##### Data shown #####
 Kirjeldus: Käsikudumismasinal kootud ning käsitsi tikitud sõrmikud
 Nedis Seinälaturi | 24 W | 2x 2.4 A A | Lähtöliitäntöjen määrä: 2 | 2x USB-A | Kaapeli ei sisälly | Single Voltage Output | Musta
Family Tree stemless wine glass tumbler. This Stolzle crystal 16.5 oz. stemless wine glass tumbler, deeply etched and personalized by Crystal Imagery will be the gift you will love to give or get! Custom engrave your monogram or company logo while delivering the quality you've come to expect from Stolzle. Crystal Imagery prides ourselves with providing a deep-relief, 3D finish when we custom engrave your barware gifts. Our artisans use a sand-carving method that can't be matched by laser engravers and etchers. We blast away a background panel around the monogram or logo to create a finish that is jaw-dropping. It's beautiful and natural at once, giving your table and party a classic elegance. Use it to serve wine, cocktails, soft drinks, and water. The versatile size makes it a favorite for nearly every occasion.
#####
##### Data shown #####
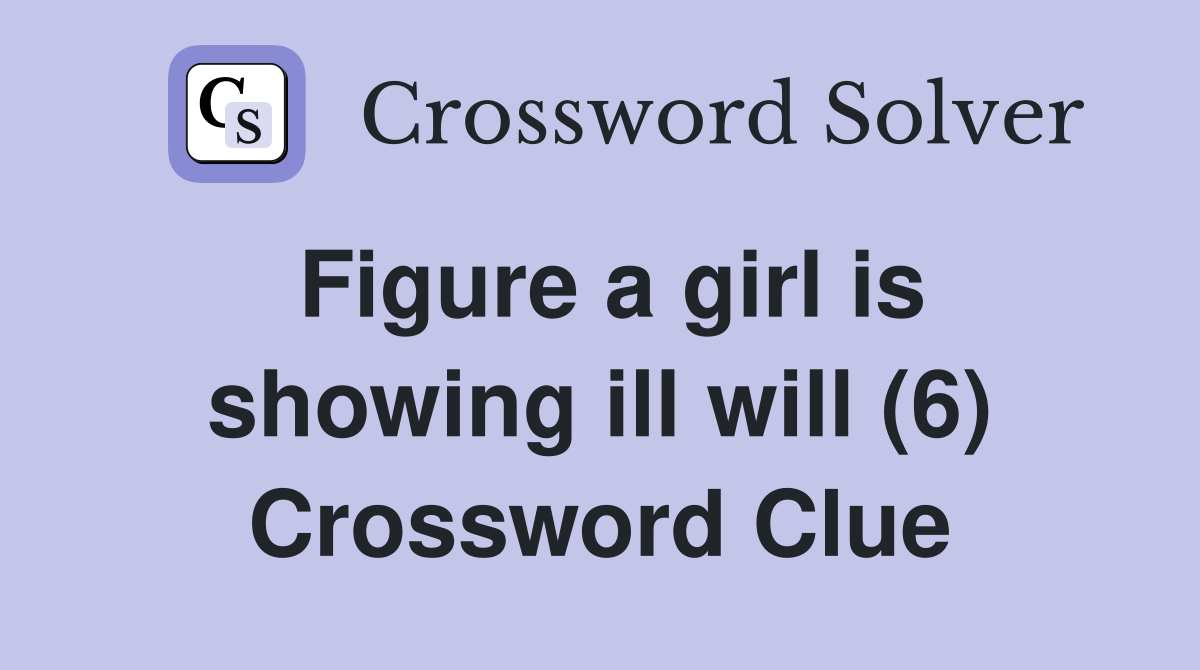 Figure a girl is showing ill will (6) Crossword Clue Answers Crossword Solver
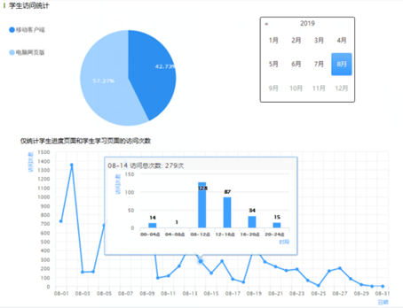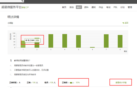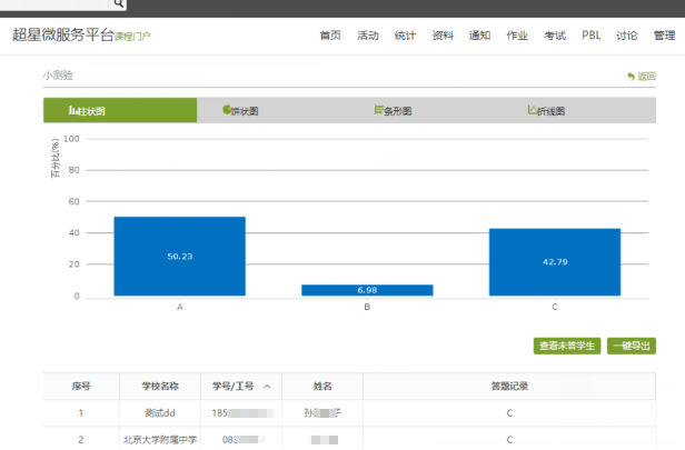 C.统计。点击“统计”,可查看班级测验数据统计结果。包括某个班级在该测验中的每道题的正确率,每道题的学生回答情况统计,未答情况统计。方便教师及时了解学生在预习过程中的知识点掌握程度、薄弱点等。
#####
**Brief:** Copy the entries above exactly, but only from the line holding "Kirjeldus: Käsikudumismasinal kootud" through the line holding "Family Tree stemless", both included.

**Exercise solution:**
 Kirjeldus: Käsikudumismasinal kootud ning käsitsi tikitud sõrmikud
 Nedis Seinälaturi | 24 W | 2x 2.4 A A | Lähtöliitäntöjen määrä: 2 | 2x USB-A | Kaapeli ei sisälly | Single Voltage Output | Musta
Family Tree stemless wine glass tumbler. This Stolzle crystal 16.5 oz. stemless wine glass tumbler, deeply etched and personalized by Crystal Imagery will be the gift you will love to give or get! Custom engrave your monogram or company logo while delivering the quality you've come to expect from Stolzle. Crystal Imagery prides ourselves with providing a deep-relief, 3D finish when we custom engrave your barware gifts. Our artisans use a sand-carving method that can't be matched by laser engravers and etchers. We blast away a background panel around the monogram or logo to create a finish that is jaw-dropping. It's beautiful and natural at once, giving your table and party a classic elegance. Use it to serve wine, cocktails, soft drinks, and water. The versatile size makes it a favorite for nearly every occasion.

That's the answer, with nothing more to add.